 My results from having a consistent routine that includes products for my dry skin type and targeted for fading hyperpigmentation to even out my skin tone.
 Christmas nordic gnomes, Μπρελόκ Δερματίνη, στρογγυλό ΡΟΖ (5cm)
...
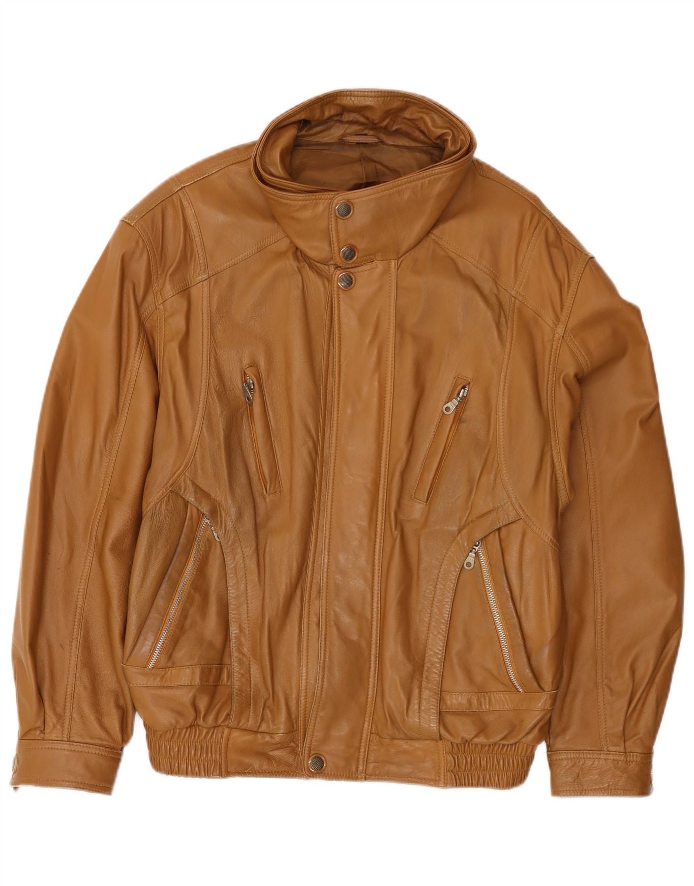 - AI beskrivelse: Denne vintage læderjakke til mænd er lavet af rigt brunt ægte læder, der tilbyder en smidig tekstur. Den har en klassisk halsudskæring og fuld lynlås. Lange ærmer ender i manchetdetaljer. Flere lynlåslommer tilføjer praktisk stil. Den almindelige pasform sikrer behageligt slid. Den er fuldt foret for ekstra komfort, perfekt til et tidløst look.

▸ Problem to solve
Please give again the lines above between the line holding "My results from" and the line holding "Christmas nordic gnomes, Μπρελόκ", inclusive, exactly as they are and with nothing added.

▸ Task output
 My results from having a consistent routine that includes products for my dry skin type and targeted for fading hyperpigmentation to even out my skin tone.
 Christmas nordic gnomes, Μπρελόκ Δερματίνη, στρογγυλό ΡΟΖ (5cm)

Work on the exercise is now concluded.